Cooking is a meditative hobby. So this is a great way to tend to your wellbeing and make something that makes you feel at home.
5. Tend to your wellbeing
There’s certainly a theme happening in this post around mindset and mental health. Because the best way to manage homesickness while living abroad is to tend to your wellbeing.
It’s hard to access joy when you just want to hug your mom, and that kinda sadness can’t be ignored. So self-care is crucial.
And this can be applied to anything, really. We, as a society, need to get better at slowing down and tending to ourselves like we would our children.

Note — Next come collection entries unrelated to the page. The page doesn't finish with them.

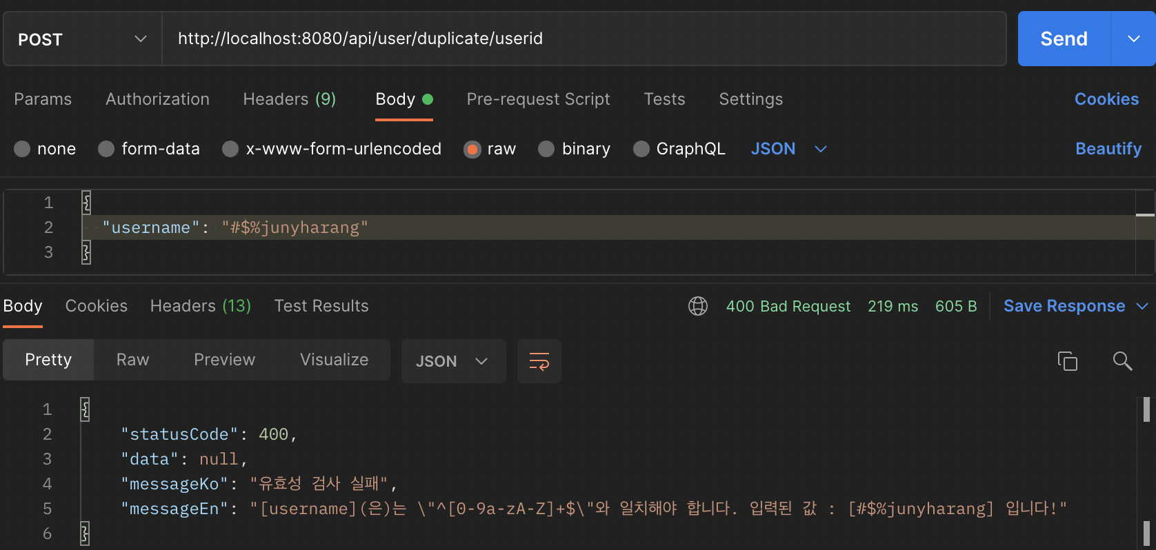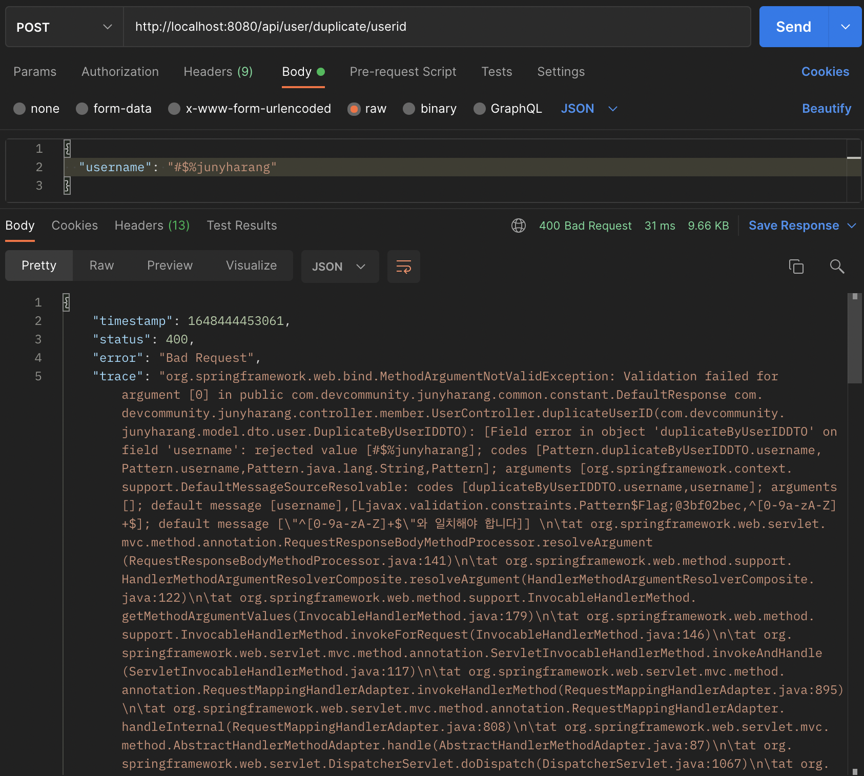 "trace": "org.springframework.web.bind.MethodArgumentNotValidException: Validation failed for argument [0] in public com.devcommunity.junyharang.common.constant.DefaultResponse com.devcommunity.junyharang.controller.member.UserController.duplicateUserID(com.devcommunity.junyharang.model.dto.user.DuplicateByUserIDDTO): [Field error in object 'duplicateByUserIDDTO' on field 'username': rejected value [#$%junyharang]; codes [Pattern.duplicateByUserIDDTO.username,Pattern.username,Pattern.java.lang.String,Pattern]; arguments [org.springframework.context.support.DefaultMessageSourceResolvable: codes [duplicateByUserIDDTO.username,username]; arguments []; default message [username],[Ljavax.validation.constraints.Pattern$Flag;@3bf02bec,^[0-9a-zA-Z]+$]; default message [\"^[0-9a-zA-Z]+$\"์ ์ผ์นํด์ผ ํฉ๋๋ค]] \n\tat org.springframework.web.servlet.mvc.method.annotation.RequestResponseBodyMethodProcessor.resolveArgument(RequestResponseBodyMethodProcessor.java:141)\n\tat org.springframework.web.method.support.HandlerMethodArgumentResolverComposite.resolveArgument(HandlerMethodArgumentResolverComposite.java:122)\n\tat org.springframework.web.method.support.InvocableHandlerMethod.getMethodArgumentValues(InvocableHandlerMethod.java:179)\n\tat org.springframework.web.method.support.InvocableHandlerMethod.invokeForRequest(InvocableHandlerMethod.java:146)\n\tat org.springframework.web.servlet.mvc.method.annotation.ServletInvocableHandlerMethod.invokeAndHandle(ServletInvocableHandlerMethod.java:117)\n\tat org.springframework.web.servlet.mvc.method.annotation.RequestMappingHandlerAdapter.invokeHandlerMethod(RequestMappingHandlerAdapter.java:895)\n\tat org.springframework.web.servlet.mvc.method.annotation.RequestMappingHandlerAdapter.handleInternal(RequestMappingHandlerAdapter.java:808)\n\tat org.springframework.web.servlet.mvc.method.AbstractHandlerMethodAdapter.handle(AbstractHandlerMethodAdapter.java:87)\n\tat org.springframework.web.servlet.DispatcherServlet.doDispatch(DispatcherServlet.java:1067)\n\tat org.springframework.web.servlet.DispatcherServlet.doService(DispatcherServlet.java:963)\n\tat org.springframework.web.servlet.FrameworkServlet.processRequest(FrameworkServlet.java:1006)\n\tat org.springframework.web.servlet.FrameworkServlet.doPost(FrameworkServlet.java:909)\n\tat javax.servlet.http.HttpServlet.service(HttpServlet.java:681)\n\tat org.springframework.web.servlet.FrameworkServlet.service(FrameworkServlet.java:883)\n\tat javax.servlet.http.HttpServlet.service(HttpServlet.java:764)\n\tat org.apache.catalina.core.ApplicationFilterChain.internalDoFilter(ApplicationFilterChain.java:227)\n\tat org.apache.catalina.core.ApplicationFilterChain.doFilter(ApplicationFilterChain.java:162)\n\tat org.apache.tomcat.websocket.server.WsFilter.doFilter(WsFilter.java:53)\n\tat org.apache.catalina.core.ApplicationFilterChain.internalDoFilter(ApplicationFilterChain.java:189)\n\tat org.apache.catalina.core.ApplicationFilterChain.doFilter(ApplicationFilterChain.java:162)\n\tat org.springframework.security.web.FilterChainProxy$VirtualFilterChain.doFilter(FilterChainProxy.java:327)\n\tat org.springframework.security.web.access.intercept.FilterSecurityInterceptor.invoke(FilterSecurityInterceptor.java:115)\n\tat org.springframework.security.web.access.intercept.FilterSecurityInterceptor.doFilter(FilterSecurityInterceptor.java:81)\n\tat org.springframework.security.web.FilterChainProxy$VirtualFilterChain.doFilter(FilterChainProxy.java:336)\n\tat org.springframework.security.web.access.ExceptionTranslationFilter.doFilter(ExceptionTranslationFilter.java:122)\n\tat org.springframework.security.web.access.ExceptionTranslationFilter.doFilter(ExceptionTranslationFilter.java:116)\n\tat org.springframework.security.web.FilterChainProxy$VirtualFilterChain.doFilter(FilterChainProxy.java:336)\n\tat org.springframework.security.web.session.SessionManagementFilter.doFilter(SessionManagementFilter.java:126)\n\tat org.springframework.security.web.session.SessionManagementFilter.doFilter(SessionManagementFilter.java:81)\n\tat org.springframework.security.web.FilterChainProxy$VirtualFilterChain.doFilter(FilterChainProxy.java:336)\n\tat org.springframework.security.web.authentication.AnonymousAuthenticationFilter.doFilter(AnonymousAuthenticationFilter.java:109)\n\tat org.springframework.security.web.FilterChainProxy$VirtualFilterChain.doFilter(FilterChainProxy.java:336)\n\tat org.springframework.security.web.servletapi.SecurityContextHolderAwareRequestFilter.doFilter(SecurityContextHolderAwareRequestFilter.java:149)\n\tat org.springframework.security.web.FilterChainProxy$VirtualFilterChain.doFilter(FilterChainProxy.java:336)\n\tat org.springframework.security.web.savedrequest.RequestCacheAwareFilter.doFilter(RequestCacheAwareFilter.java:63)\n\tat org.springframework.security.web.FilterChainProxy$VirtualFilterChain.doFilter(FilterChainProxy.java:336)\n\tat org.springframework.security.web.authentication.logout.LogoutFilter.doFilter(LogoutFilter.java:103)\n\tat org.springframework.security.web.authentication.logout.LogoutFilter.doFilter(LogoutFilter.java:89)\n\tat org.springframework.security.web.FilterChainProxy$VirtualFilterChain.doFilter(FilterChainProxy.java:336)\n\tat org.springframework.security.web.header.HeaderWriterFilter.doHeadersAfter(HeaderWriterFilter.java:90)\n\tat org.springframework.security.web.header.HeaderWriterFilter.doFilterInternal(HeaderWriterFilter.java:75)\n\tat org.springframework.web.filter.OncePerRequestFilter.doFilter(OncePerRequestFilter.java:117)\n\tat org.springframework.security.web.FilterChainProxy$VirtualFilterChain.doFilter(FilterChainProxy.java:336)\n\tat org.springframework.security.web.context.SecurityContextPersistenceFilter.doFilter(SecurityContextPersistenceFilter.java:110)\n\tat org.springframework.security.web.context.SecurityContextPersistenceFilter.doFilter(SecurityContextPersistenceFilter.java:80)\n\tat org.springframework.security.web.FilterChainProxy$VirtualFilterCh
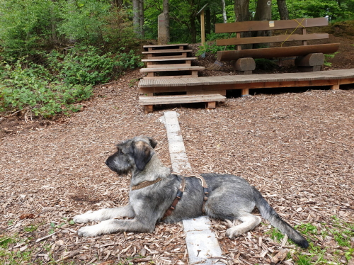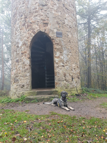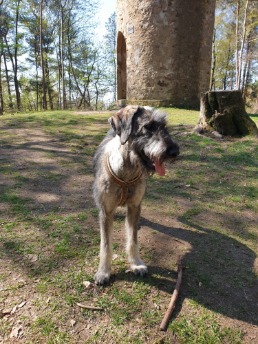 Wanderung zu "unserer“ Quelle am Wurzelbrink. Derzeit sprudelt sie recht kräftig. Laani verschmäht natürlich das Wasser, welches Frauchen – ganz wie es sich für ein braves Frauchen gehört – im Rucksack mit schleppt, und schlabbert viel lieber direkt aus der Quelle. Ausnahmsweise darf sie das, denn ansonsten sind Pfützen und stehende Gewässer tabu. (So lautet zumindest der Plan...) Also Flasche geleert, und ruckzuck aufgefüllt mit dem außergewöhnlich leckeren Quellwasser für zu Hause. Dann der Aufstieg zum Wartturm... Laani war "Erster“!
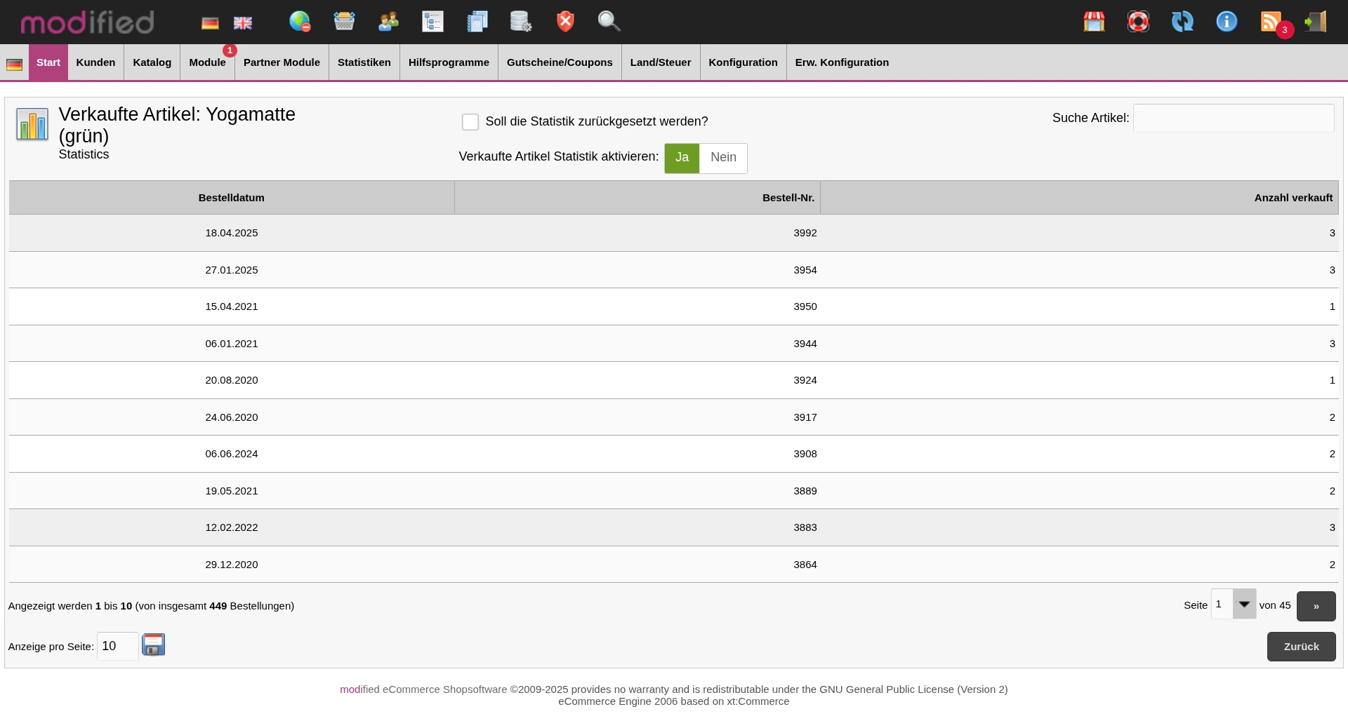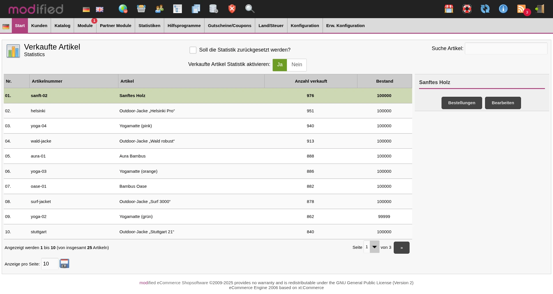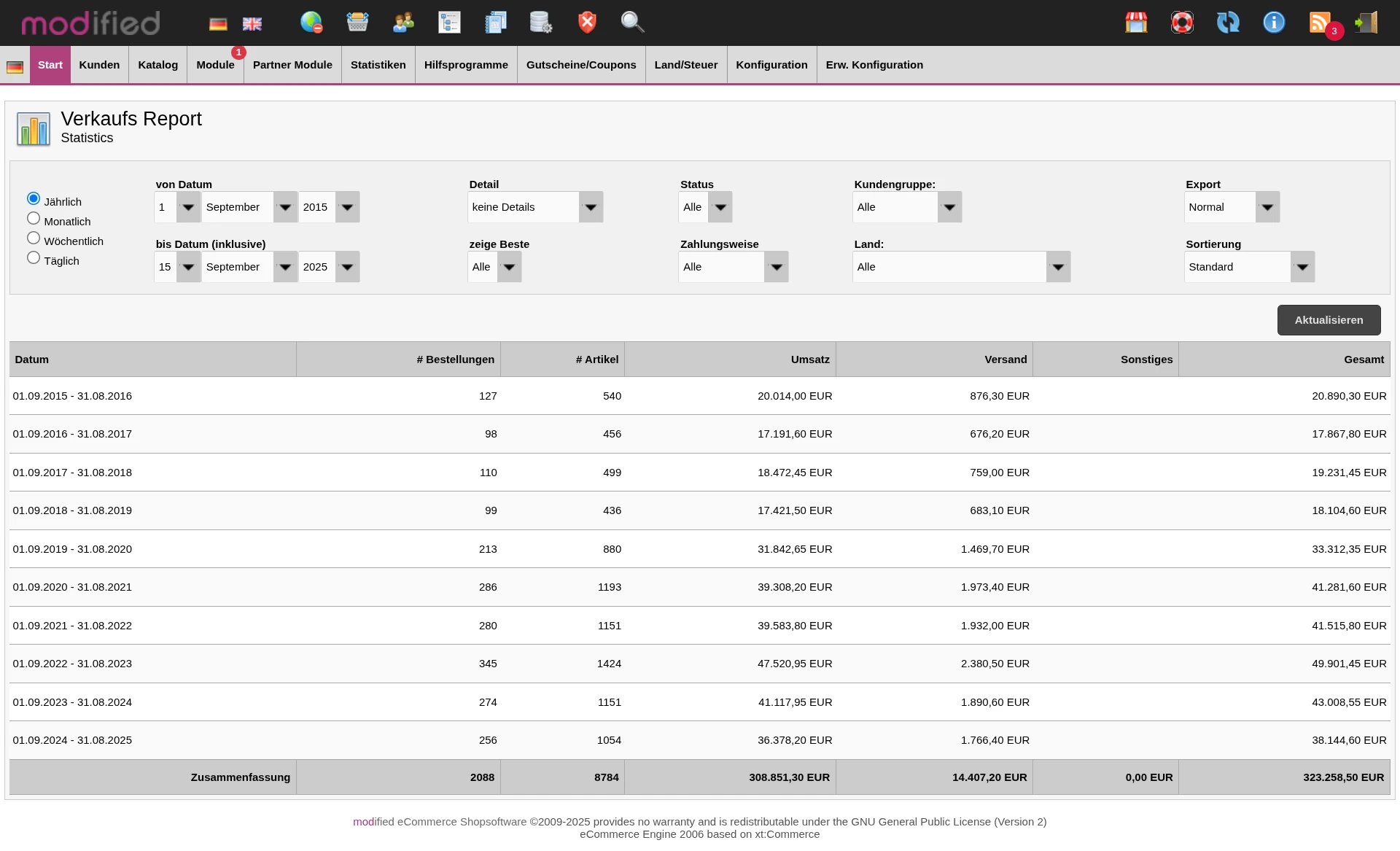 Mit „Absatzzahlen“ verwandeln wir unser modified-Backend in ein leistungsstarkes Analysezentrum. Wir gewinnen die Sicherheit, die nur datengetragene Gewissheit bieten kann, und können unseren Shop mit klaren Entscheidungen auf den nächsten Erfolgskurs bringen.

And we need to understand how to do self-care correctly. Watching Netflix for 5 hours might feel good, but it’s not self-care. Healthy eating, exercise, celebrating our wins, exercising grace and self-compassion… that’s self-care.
Learn how to parent yourself compassionately because sometimes, the homesickness just won’t fade. And you need to be your own soft place to land.
Related: Bay Day? 10 Things You Can Do Right Now to Feel Better
6. Have a Community Around
This last tip is very important. It’s imperative that you have a community, wherever you’re living now. There’s nothing worse than feeling disconnected from your original crew and being isolated in the new place.
Remember why you did this. You left home to experience new things and meet new people. So go do that.
Humans need community to feel safe and protected… it’s in our nature. Belonging, having purpose, being seen… these do wonders for mental health. And yes, they can curb homesickness.
Oftentimes we get stuck in the past, mourning the end of an era. Even worse, we realize how much we took our family and friends for granted. But this is an invaluable lesson. This is why we leave home.
Go gently with yourself, but don’t take for granted what you have now. Down the line, nostalgia will come for those times you spent traveling the world, far from home, in blissful independence. Cherish every moment so you can look back and know you enjoyed it to the very last drop.